Define pharmacogenetics and pharmacogene

Answer 39

o Pharmocogenetics is the study of genetic influences on an individual’s response to drugs. Analysis of specific gene, or group of genes, may be used to predict responses to a specific drug or drug class.

o Pharmacogene is any gene in the response to a drug. Pharmocogenomics is the study of all genes involved in the response to a drug.

Question 40

How does CYP2D6 impact codeine metabolism? What effect does CYP2D6 polymorphisms have on drug metabolism?

Answer 40

Codeine is a commonly used opiod that must be metabolized/bioactivated into morphine for activity. CYP2D6 is the protein that performs this metabolism in the liver.
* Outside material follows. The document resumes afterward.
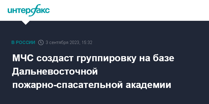 Москва. 3 сентября. INTERFAX.RU - Аэромобильная группировка МЧС РФ будет создана на базе пожарно-спасательной академии на Дальнем Востоке, сообщили "Интерфаксу" в пресс-службе министерства в воскресенье.

Patients who deficient in 2D6 activity are biochemically unable to convert codeine into the active analog morphine.

Question 41

What does it mean for something to be a poor, intermediate, extensive, or ultrarapid metabolizer?

Answer 41

• PM: Those with two nonfunctional alleles at CYP2D6 have poor metabolism
• EM: Person with one or two functional alleles considered to have extensive metabolism
• UM: One who has duplicated or amplified active CYP2d6 considered to have ultrarapid metabolism
• Those who are deficit in this gene are unable to convert codeine into morphine
  o Likely to experience treatment failure
• Those who have UM are likely to convert codeine to morphine much quicker
  o Resulted in patient deaths

Question 42

What are some effects of genetic polymorphisms on expression of CYP genes?

Answer 42

Genetic polymorphisms of single genes, including mutations in coding sequences, gene duplications, gene deletions and regulatory mutations affect numerous drug-metabolizing enzymes.

Question 43

What are some main lessons from pharmacogenetics?

Answer 43

Many drugs that are currently available are “one size fits all,” but they don’t work the same way for everyone. It can be difficult to predict who will benefit from a medication, who will not respond at all, and who will experience negative side effects/toxic effects (called adverse drug reactions). All drug effects vary from person to person and all drug effects are influenced by genes. Most drug responses are multifactorial.